On June 10, a group of residents of Manatee County attended the school board meeting to bring awareness to a crucial issue for our country and community: educating all our youth beyond high school. This is not a political issue; it's an economic, demographic and moral issue.

Hispanic students make up 24 percent of the total K-12 student population in Florida. However, only 6.2 percent of full-time college students are Hispanic. How do we pretend to create an advanced country if we cast a blind eye to almost a quarter of our student population?

After investing $12 billion per year for our children in education, isn't it a waste to not encourage them to continue their education to enhance their personal lifetime income potential, and the tax revenue potential that government reaps when our children grow to be successful professionals?

While some of these students do not have legal status, they are Americans in every sense of the word, except on paper. That's why last year the federal government created the Deferred Action for Childhood Arrivals, a two-year permit given to immigrants who arrived in the U.S. before they were 16; have lived here for more than five years, and graduated from high school in this country.

To continue to call these children "illegal" is erroneous, hurtful and plainly ignorant.

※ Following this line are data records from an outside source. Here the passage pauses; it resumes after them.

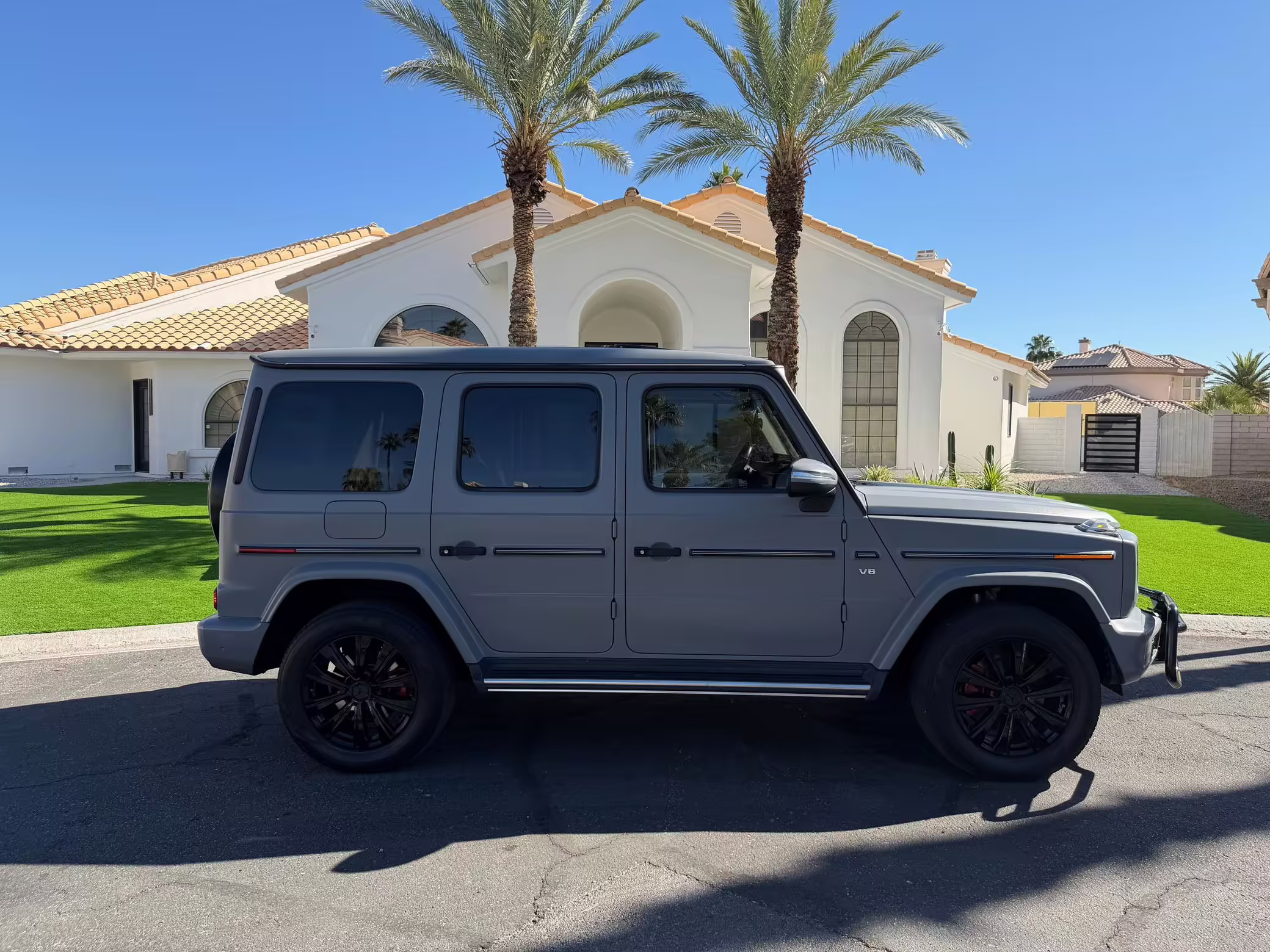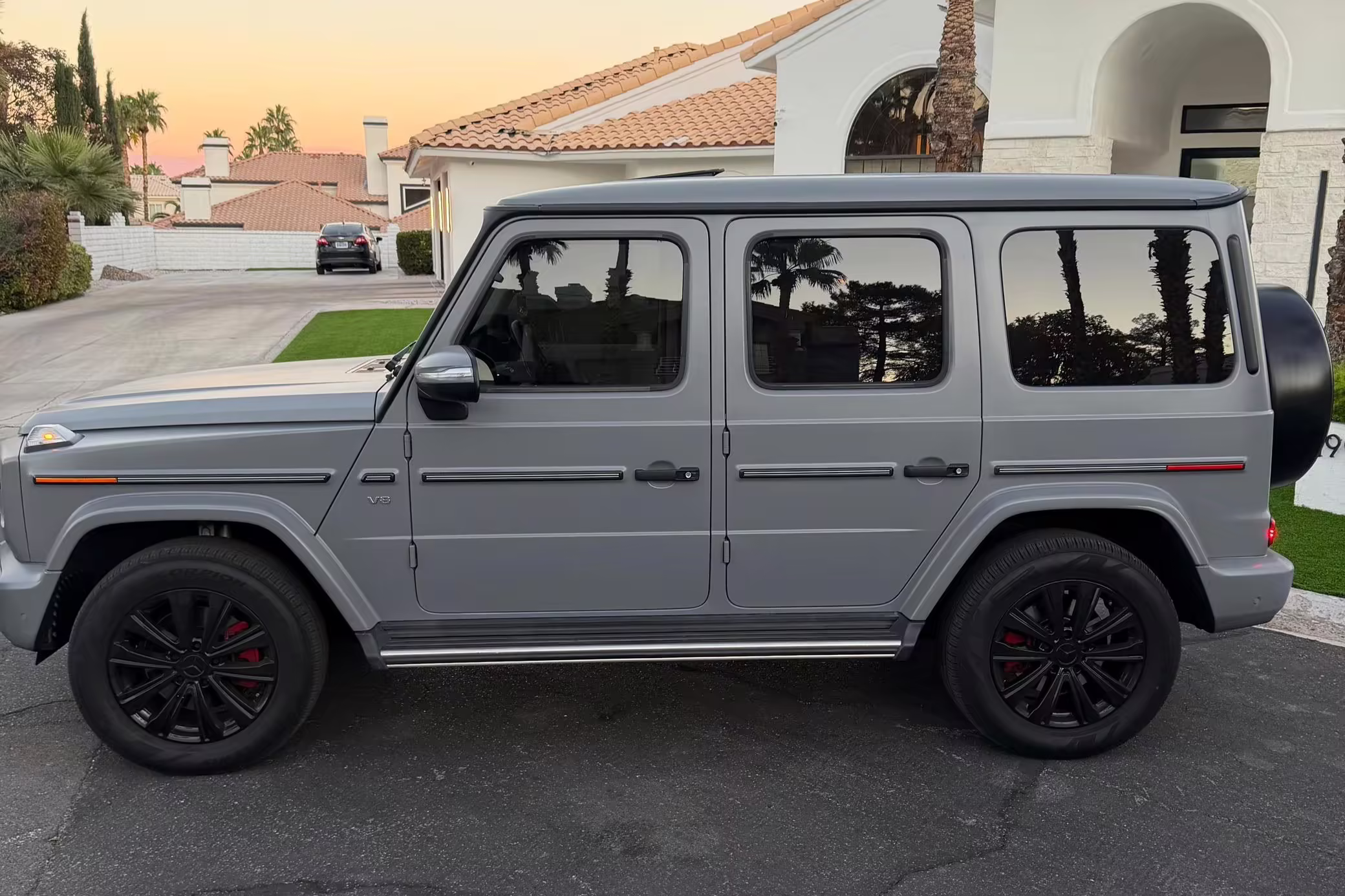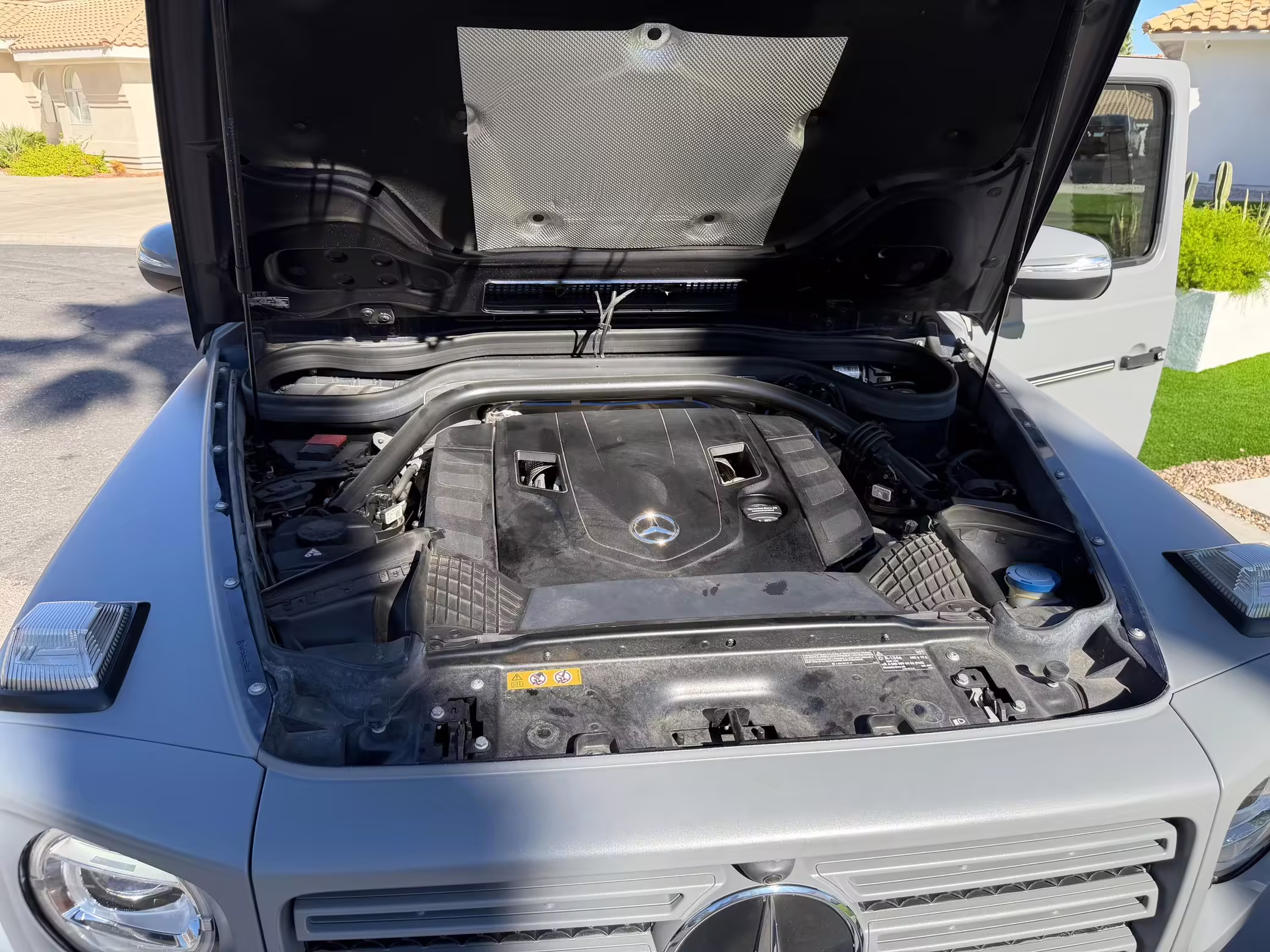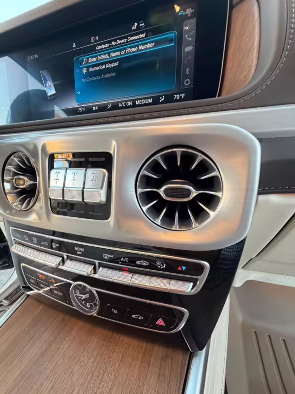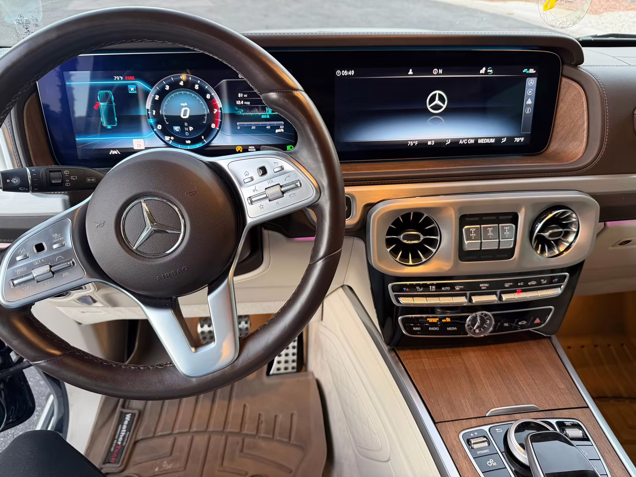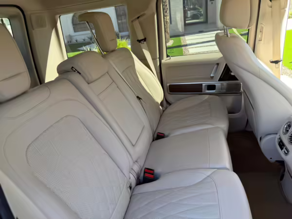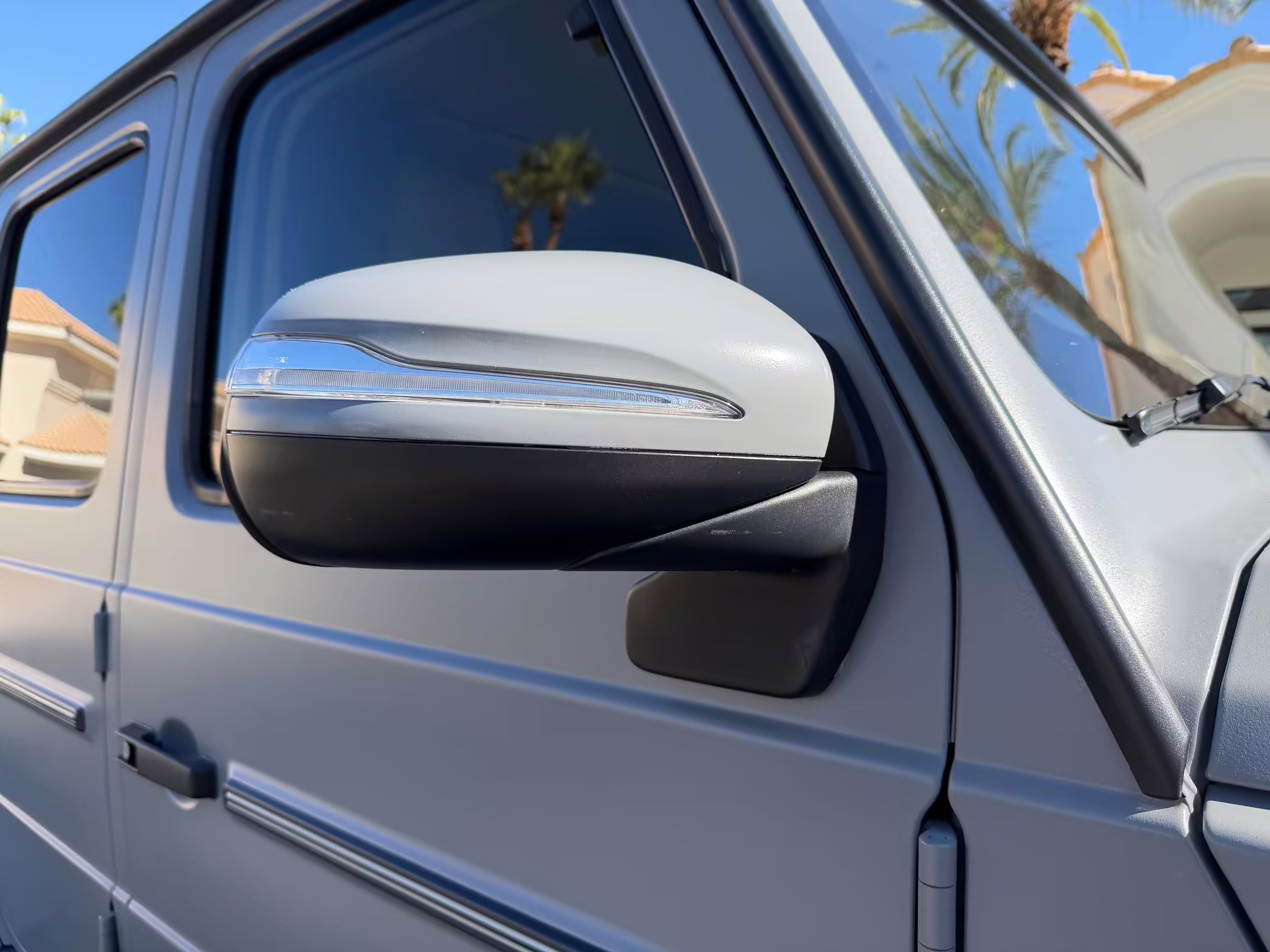 2021 Mercedes-Benz G550, finished in Lunar Blue with a gray Plasti-Dip wrap and a Designo Machiatto Beige and Espresso Brown interior.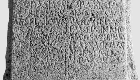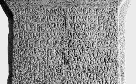 - G(enio) c(ohortis?) / I(ovi) O(ptimo) M(aximo) // pro sal(ute) Aug(usti) // Ulp(ius) Repentinus c(en)t(urio) / [I]ul(ius) Ianuarius s(ingularis) c(onsularis) / Aur(elius) Cabdnus / Aur(elius) Brincasus / Aur(elius) Se(x)tianus / SLV Domitus / SIV Dasius / Fla(vius) Surianus / Sep(timius) Florianus / Aur(elius) Super / Ulp(ius) Renanus / Aur(elius) Lonus / [Au]r(elius) Exoratus / Iul(ius) Messius / U(l)p(ius) Iustinus / Sep(timius) Constans // Ant(onius) Doras PC / Aur(elius) Victor / Max(imus) M(a)rcellus / Aur(elius) Quirinus / Mar(cus) Mecianus / Cl(audius) Strenuus / Can() Valerius / [---] Saturninus / Aur(elius) Flavinus / Pap[---]tu Sinnio / Fla(vius) Gemellinus / Fla(vius) Flavinus / Aur(elius) Felicianus / Ulp(ius) Atorius / Au[r(elius)] Qu[---]s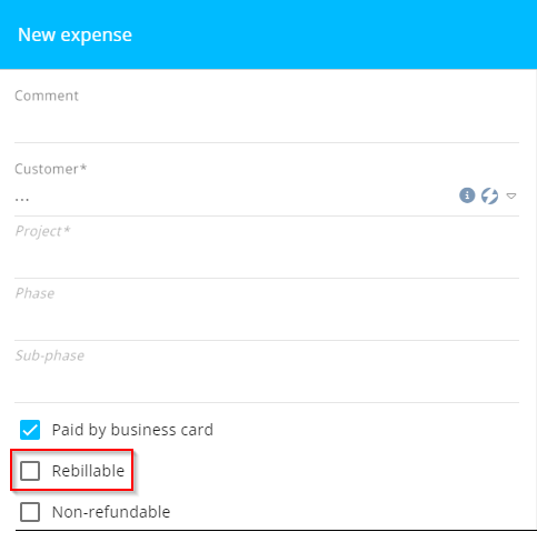 If this option is disabled, the Rebillable checkbox is no longer visible but an expense can still be considered as rebillable.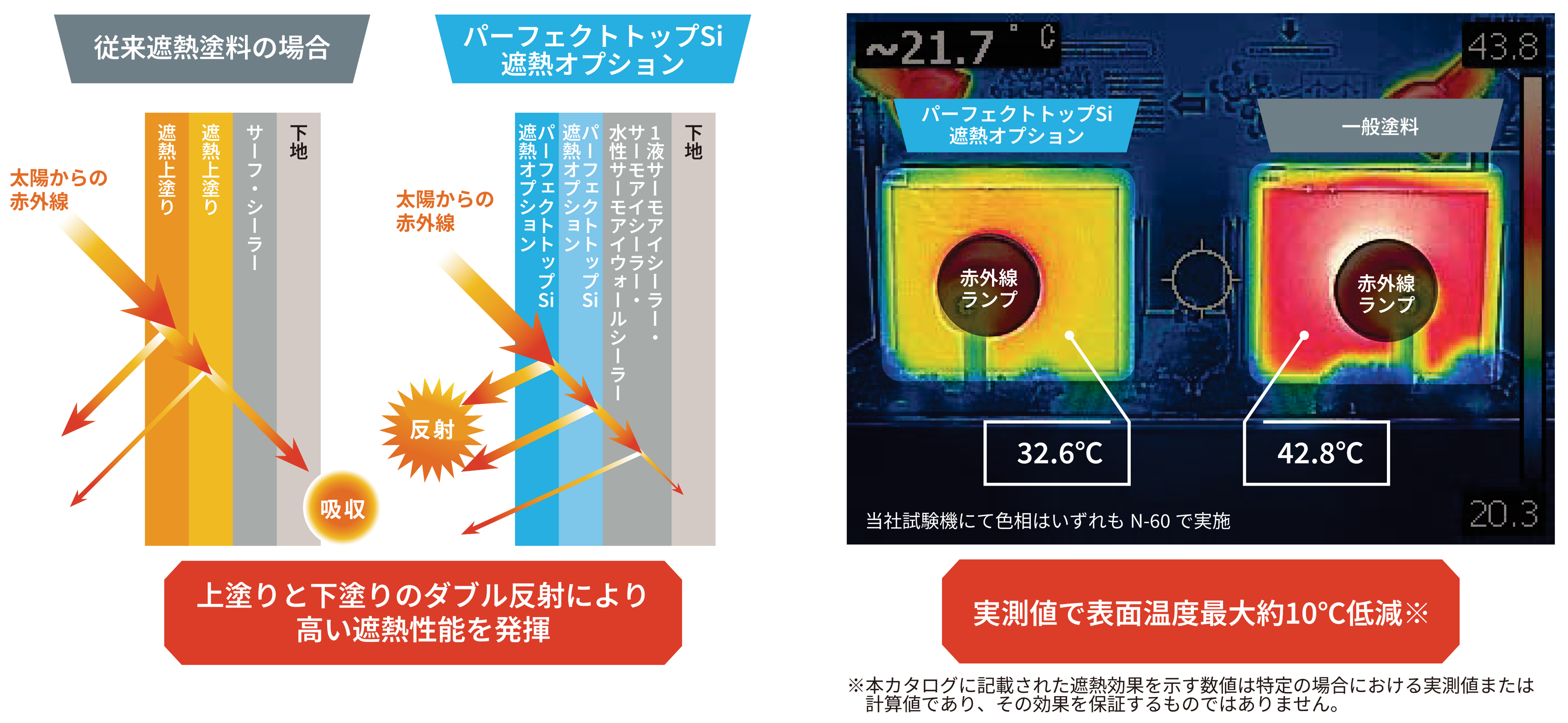 本製品には、当社の遮熱塗料ブランド「サーモアイシリーズ」で培った遮熱技術「ダブル反射・赤外線透過テクノロジー」を採用しています。これにより、上塗りと下塗りの遮熱効果を最大限に引き出し、室内温度低下やエアコンの温度設定緩和による電気代の削減に貢献します。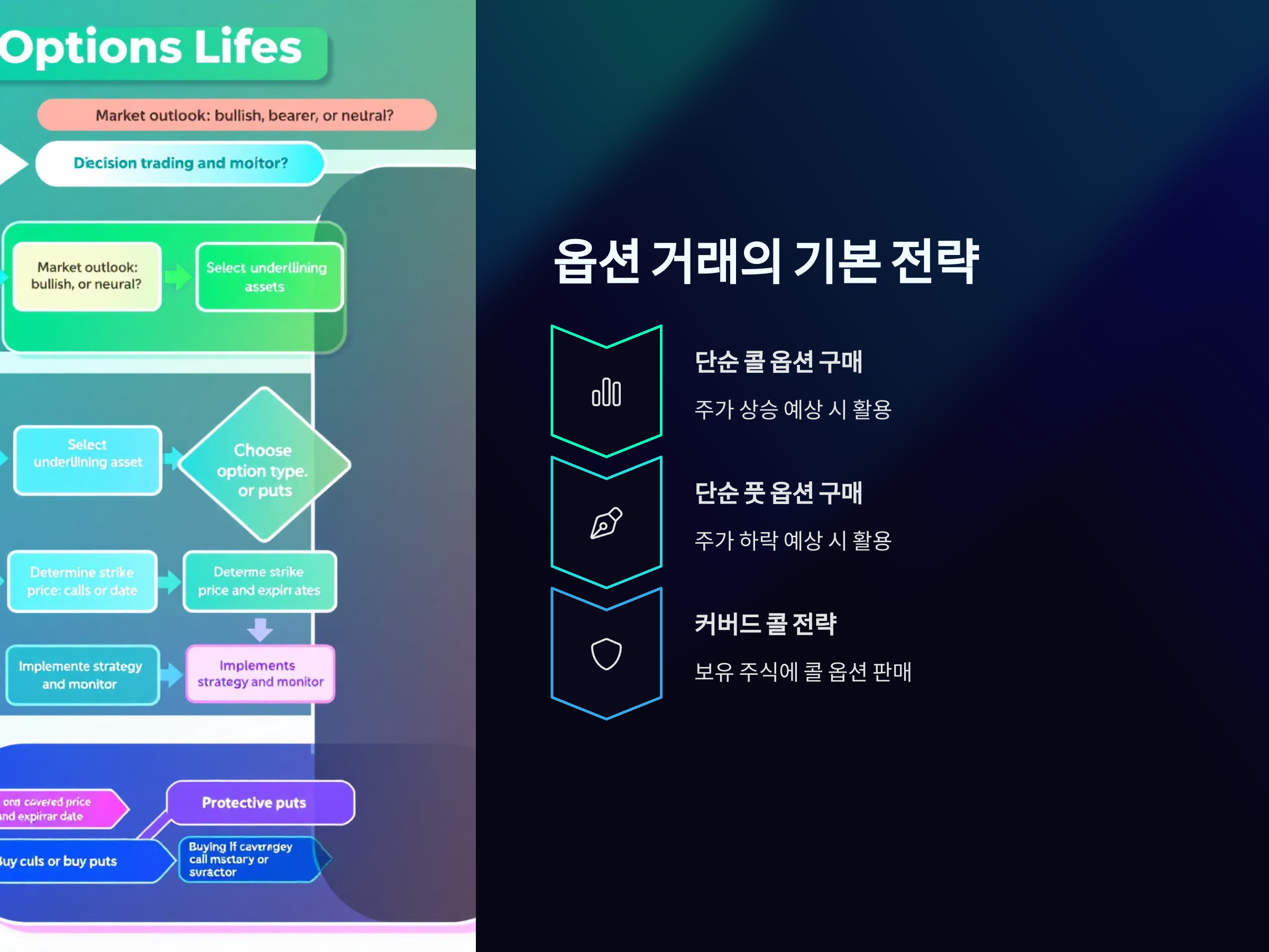 옵션 거래를 실전에서 활용할 때는 주식 시장의 흐름을 면밀히 분석하고, 적절한 전략을 세우는 것이 중요합니다. 주식의 가격이 상승할 것으로 예측되면 콜 옵션을, 하락할 것으로 예측되면 풋 옵션을 활용할 수 있습니다. 또한, 다양한 전략을 통해 리스크를 최소화하고 수익을 극대화하는 방법도 있습니다.

It is economic tomfoolery for any local government not to engage in this conversation for the future of all of our students that inures to the future benefit for all.

As a local resident, taxpayer, voter and business owner, I was grateful for the opportunity to speak before our elected officials. I would hope all of my neighbors and citizens would similarly celebrate this element of our democracy, joining me in speaking out against racism, discrimination and other injustices that we seek to overcome as responsible citizens.